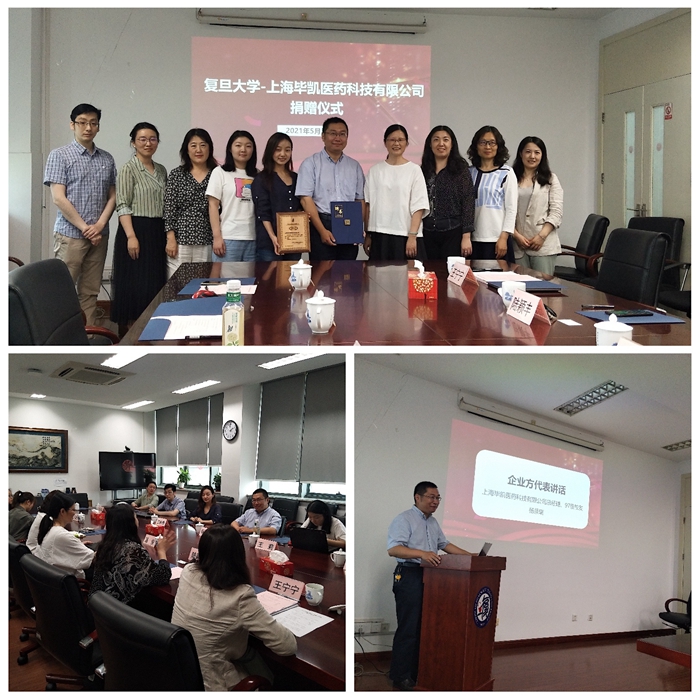 杨景瑞校友自于PO18 毕业后,始终感恩母校、回馈母校,为加强校企合作、共同培养高质量发展人才提供了良好的典范。仪式伊始,陆颖丰老师和史雪茹老师分别代表学校和PO18 向杨景瑞校友颁发捐赠证书和PO18 校友导师聘书。杨景瑞校友表示愿尽绵薄之力继续为母校发展添砖加瓦。潘俊老师代表PO18 感谢了杨景瑞校友及毕凯医药有限公司,强调加强校企合作对学生、PO18 的发展起到了至关重要的作用,并表达了对未来进一步通力合作的期待。
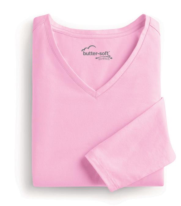 Butter-Soft Stretch solids are cotton/poly/spandex. Length for Medium tops is 27-28”.
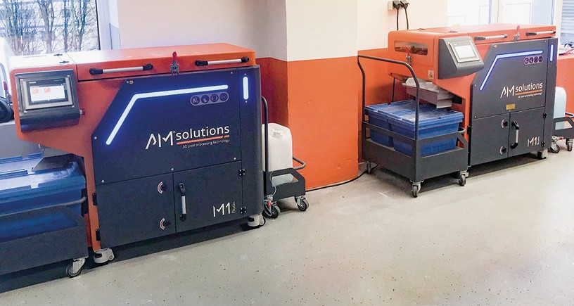 Um Kunden einbaufertige 3D-gedruckte Kunststoff- und Metallkomponenten bieten zu können, setzte das Dienstleistungsunternehmen Klaus Stöcker Metallbearbeitung bei der Nachbearbeitung zunächst auf manuelle Prozesse. Aufgrund einer stetig steigenden Nachfrage sowie immer höheren Anforderungen an die Prozesssicherheit und Reproduzierbarkeit des Post Processing investierte das Unternehmen in die automatisierten Lösungen S1 für das Entpulvern sowie die M1 Basic von AM Solutions – 3D post processing technology, die das effektive und wirtschaftliche Glätten und Homogenisieren der Oberflächen ermöglicht.
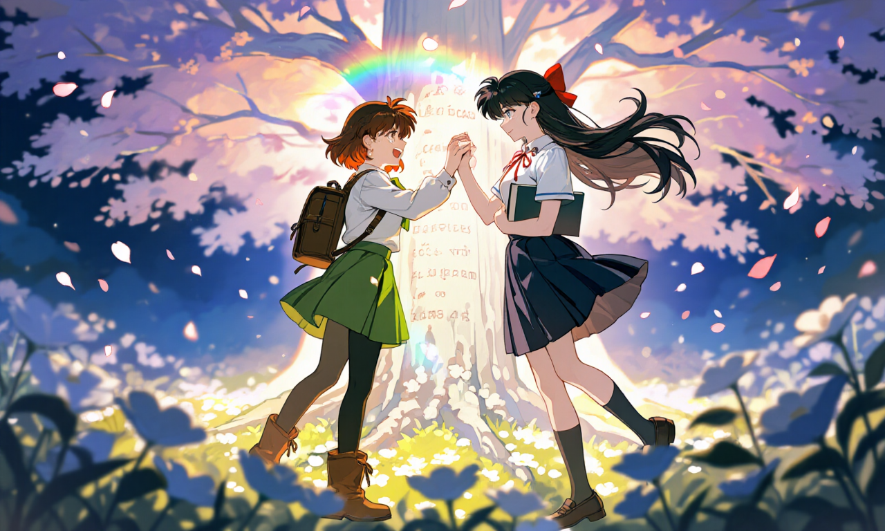 二人は花びらを幹に押し当てた。すると淡い光が広がり、文字が刻まれていく。 「互いを選び続ける」――その言葉が樹に刻まれ、庭全体が虹色に輝いた。
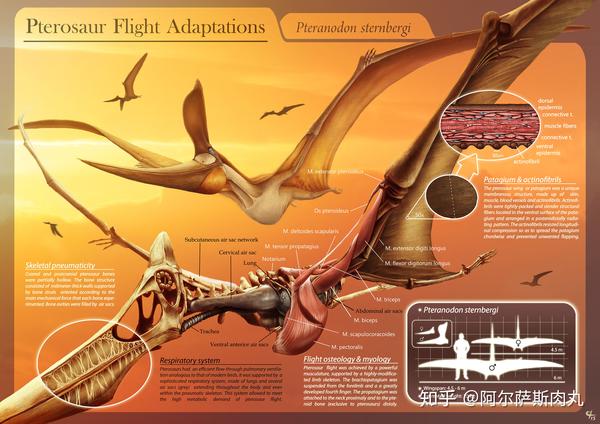 作为异常特化的种群,这些大型翼龙同鸟类一样,也演化出气囊呼吸循环系统,它们的骨骼壁大多中空且布满毛细血管以便充盈空气,最大限度的减轻体重。与此同时,这也导致其骨壁变得极其脆弱,根本无法通过扑翼的方式振动翅膀产生动力进行飞行,只能借助上升气流来滑翔。
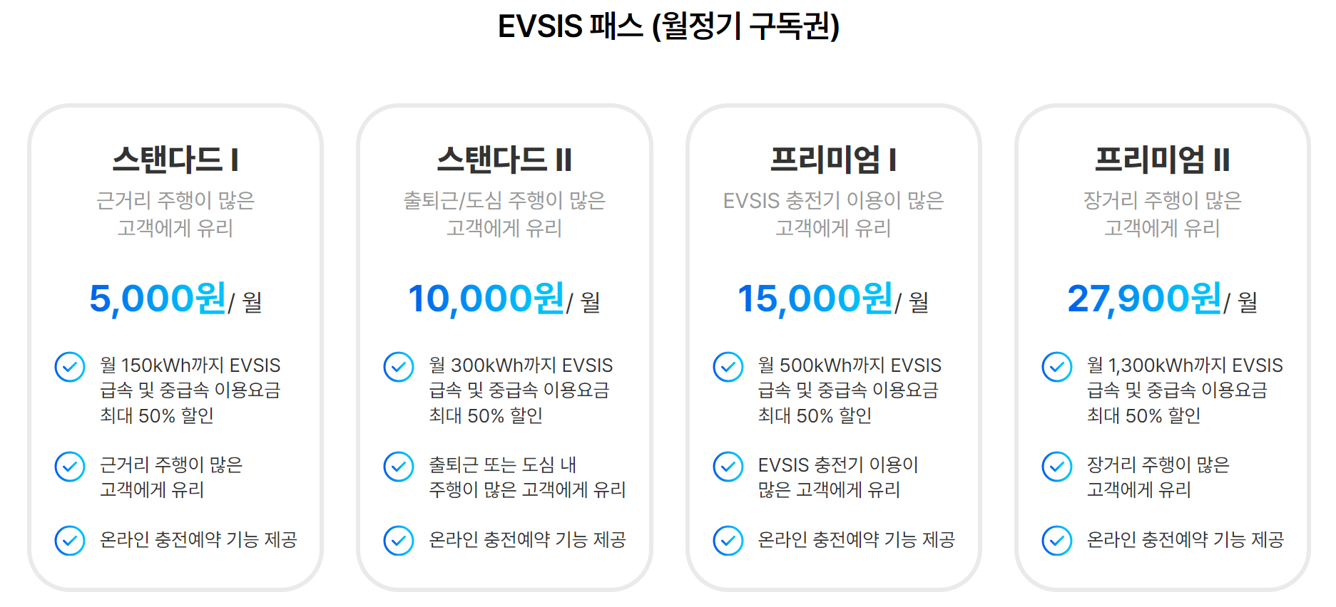 패스 가격은 5천원에서 부터 27,900월 까지 할인 충전 용량은 월 1일에서 말일 기준 150kw에서 1,300kwh입니다.
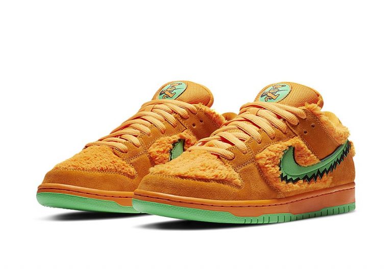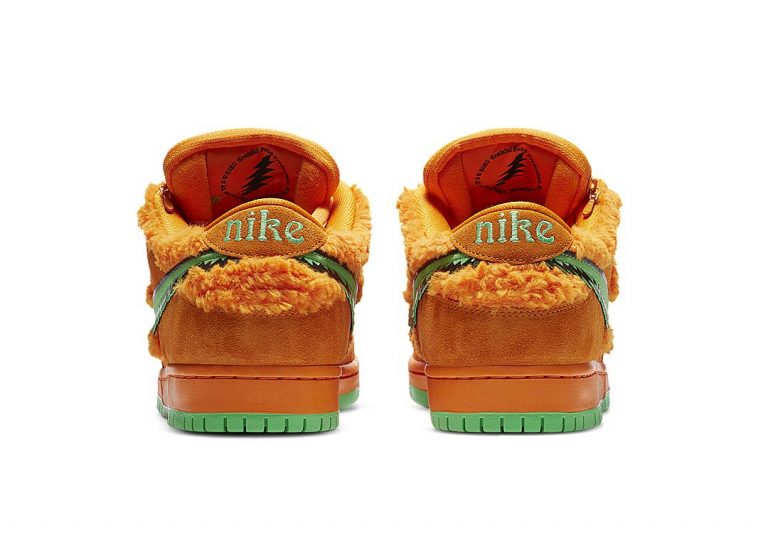 The Grateful Dead son mundialmente conocidos por su música psicodélica e iconografía, en especial la de dos diseños en concreto: la calavera de la portada del álbum “Steal Your Face” y el colorido coro de osos bailarines (también conocidos como “Marching Bears”, “osos desfilando” en su traducción al español). Esta singular edición del Dunk Low usa este último ícono como su principal inspiración, con revestimientos de piel sintética y gamuza suave que cubren casi toda la parte superior del calzado.
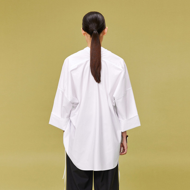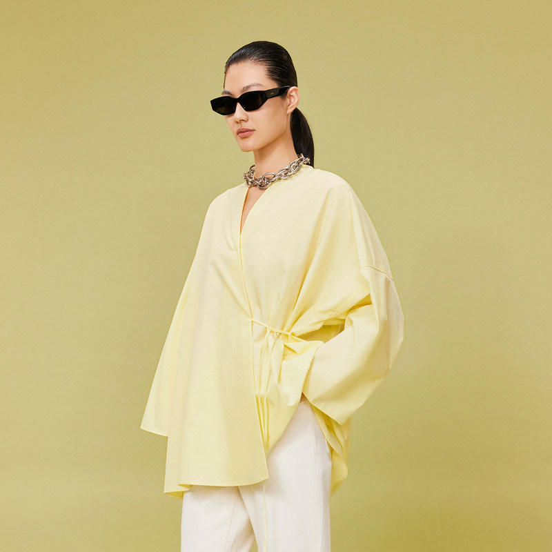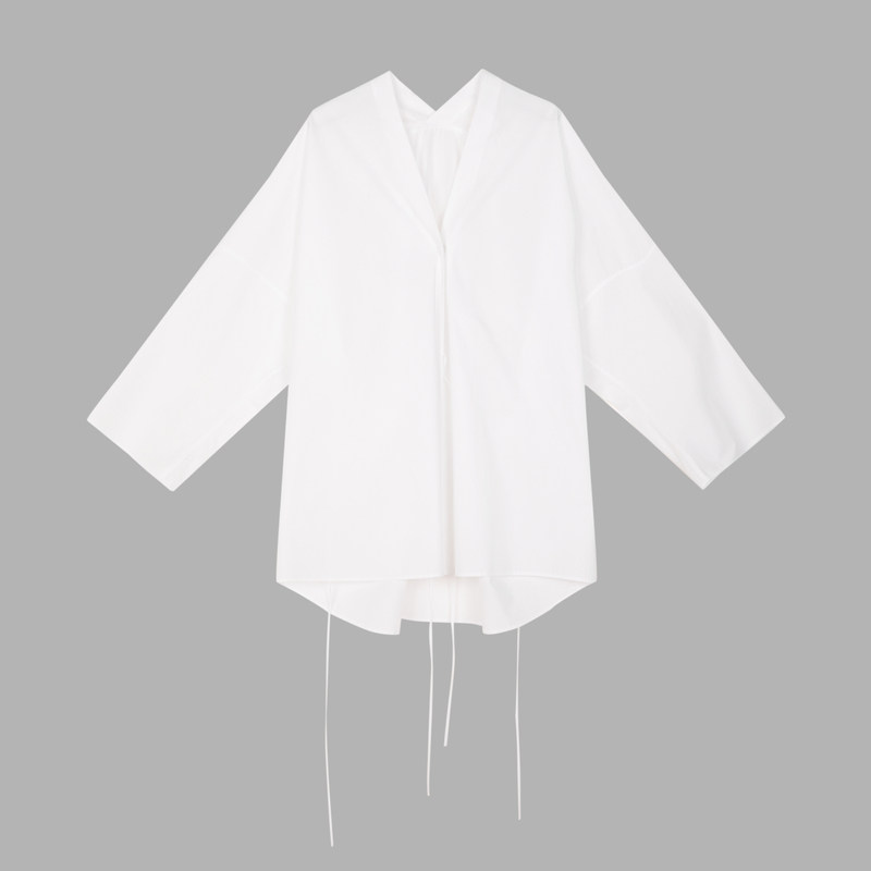 LESS春新中式改良围裹设计全棉V领大方休闲简约长袖衬衫2O3210380
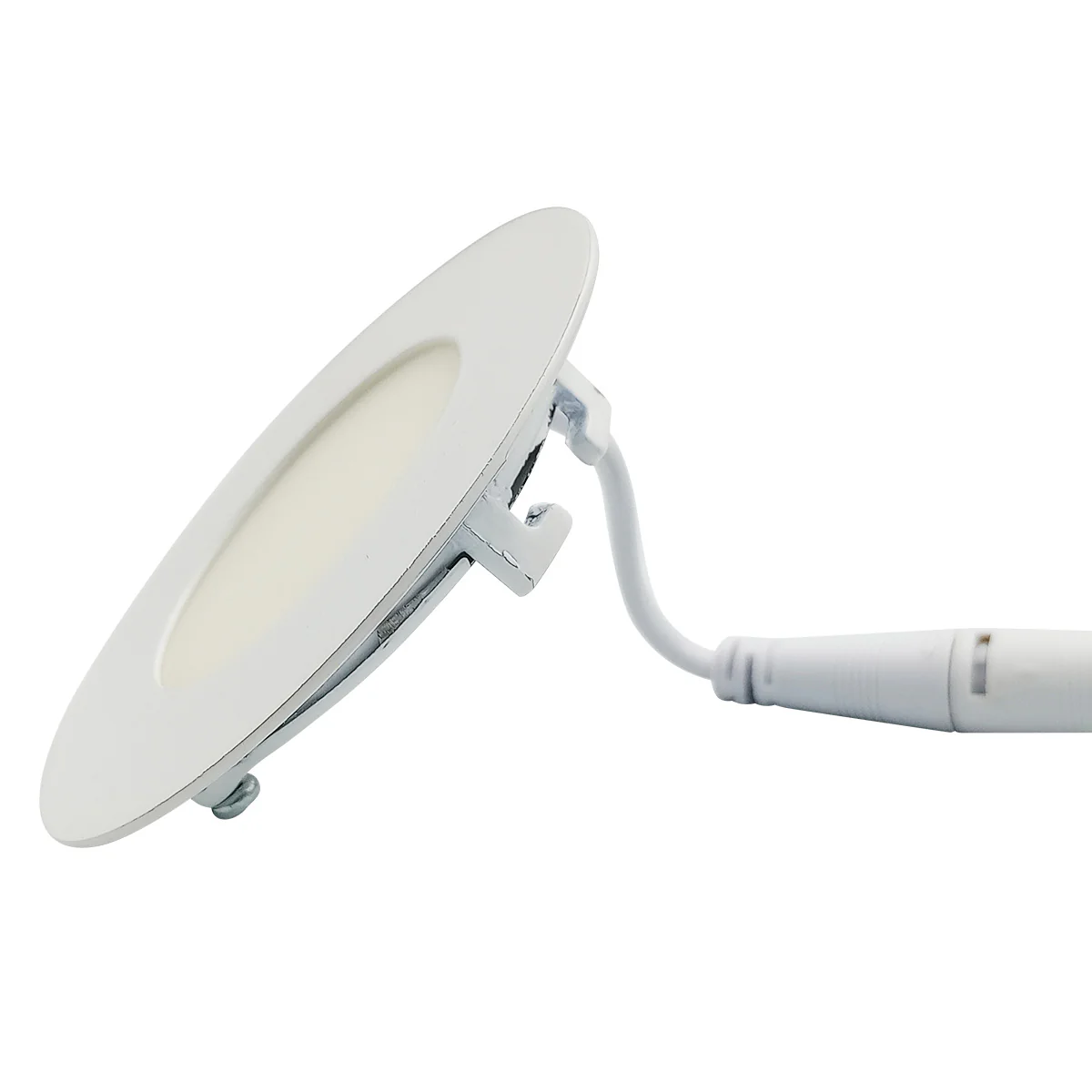 Luminario circular para empotrar con vida nominal de 35,000 horas y un angulo de luz de 180 grados.
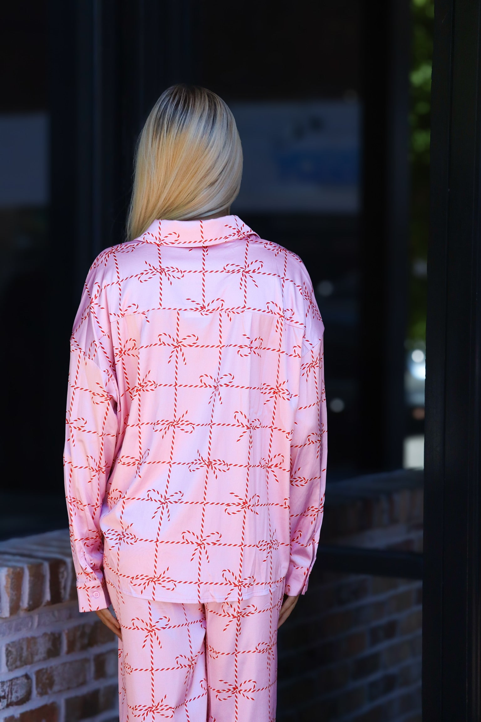 Get wrapped up in holiday luxury with the Christmas Bows Pink Satin PJ Set! This adorable pajama set features a silky satin finish in a soft pink hue, adorned with festive bow prints that add a perfectly girly touch. The button-up top and matching drawstring shorts or pants (depending on the style) offer a relaxed, comfy fit while keeping things chic and cozy. Ideal for Christmas morning, movie nights, or festive sleepovers—these PJs are as sweet and stylish as the season itself!

About this exercise >> Return each record exactly as given, excluding any image.

Output for this task >>
 杨景瑞校友自于PO18 毕业后,始终感恩母校、回馈母校,为加强校企合作、共同培养高质量发展人才提供了良好的典范。仪式伊始,陆颖丰老师和史雪茹老师分别代表学校和PO18 向杨景瑞校友颁发捐赠证书和PO18 校友导师聘书。杨景瑞校友表示愿尽绵薄之力继续为母校发展添砖加瓦。潘俊老师代表PO18 感谢了杨景瑞校友及毕凯医药有限公司,强调加强校企合作对学生、PO18 的发展起到了至关重要的作用,并表达了对未来进一步通力合作的期待。
 Butter-Soft Stretch solids are cotton/poly/spandex. Length for Medium tops is 27-28”.
 Um Kunden einbaufertige 3D-gedruckte Kunststoff- und Metallkomponenten bieten zu können, setzte das Dienstleistungsunternehmen Klaus Stöcker Metallbearbeitung bei der Nachbearbeitung zunächst auf manuelle Prozesse. Aufgrund einer stetig steigenden Nachfrage sowie immer höheren Anforderungen an die Prozesssicherheit und Reproduzierbarkeit des Post Processing investierte das Unternehmen in die automatisierten Lösungen S1 für das Entpulvern sowie die M1 Basic von AM Solutions – 3D post processing technology, die das effektive und wirtschaftliche Glätten und Homogenisieren der Oberflächen ermöglicht.
 二人は花びらを幹に押し当てた。すると淡い光が広がり、文字が刻まれていく。 「互いを選び続ける」――その言葉が樹に刻まれ、庭全体が虹色に輝いた。
 作为异常特化的种群,这些大型翼龙同鸟类一样,也演化出气囊呼吸循环系统,它们的骨骼壁大多中空且布满毛细血管以便充盈空气,最大限度的减轻体重。与此同时,这也导致其骨壁变得极其脆弱,根本无法通过扑翼的方式振动翅膀产生动力进行飞行,只能借助上升气流来滑翔。
 패스 가격은 5천원에서 부터 27,900월 까지 할인 충전 용량은 월 1일에서 말일 기준 150kw에서 1,300kwh입니다.
 The Grateful Dead son mundialmente conocidos por su música psicodélica e iconografía, en especial la de dos diseños en concreto: la calavera de la portada del álbum “Steal Your Face” y el colorido coro de osos bailarines (también conocidos como “Marching Bears”, “osos desfilando” en su traducción al español). Esta singular edición del Dunk Low usa este último ícono como su principal inspiración, con revestimientos de piel sintética y gamuza suave que cubren casi toda la parte superior del calzado.
 LESS春新中式改良围裹设计全棉V领大方休闲简约长袖衬衫2O3210380
 Luminario circular para empotrar con vida nominal de 35,000 horas y un angulo de luz de 180 grados.
 Get wrapped up in holiday luxury with the Christmas Bows Pink Satin PJ Set! This adorable pajama set features a silky satin finish in a soft pink hue, adorned with festive bow prints that add a perfectly girly touch. The button-up top and matching drawstring shorts or pants (depending on the style) offer a relaxed, comfy fit while keeping things chic and cozy. Ideal for Christmas morning, movie nights, or festive sleepovers—these PJs are as sweet and stylish as the season itself!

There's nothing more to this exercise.